Residential Schools - Tumblr Posts

4 years ago

I don’t know what to fucking say anymore.

I’m tired. I’m hurt. I’m sad. And angry, like, really FUCKING angry.

They were children, they were only kids. And they found 215 of their corpses buried near those goddamn schools. It shouldn’t even be called a school.

As an indigenous person, this is fucking heartbreaking. But it’s not like it’s new. Shit like this has been happening and will continue happen unless we do something about it.

Sign a petition

Support indigenous artists/creators/actors

Educate yourself on residential schools and the generational trauma that we endure

Just PLEASE for the love of god talk about this.
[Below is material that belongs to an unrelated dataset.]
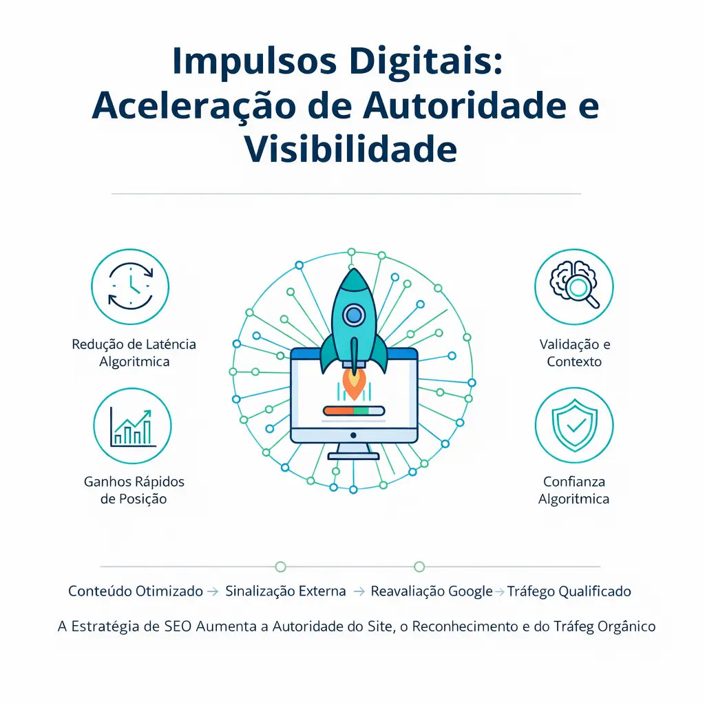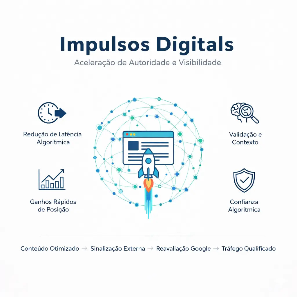 Os impulsos digitais existem para resolver um problema muito concreto: conteúdo e páginas que estão corretas, mas não arrancam. Em muitos casos, o site tem boa estrutura, bons textos e intenção bem definida, mas o Google demora a reagir. Falta sinal. Falta contexto externo. Falta o empurrão inicial que quebra a inércia algorítmica.

We can’t keep letting shit like this slide. That was only one school where they found those kids. Imagine how many more have mass graves on the premises. This isn’t just “a dark chapter in our country’s history” this was and still is the whole fucking book. There are people in my community who have lived through the horrors of residential schools and many more that live with the trauma it brought.

The link below me is a petition to call for a national day of mourning for the kids who didn’t make it home to their families.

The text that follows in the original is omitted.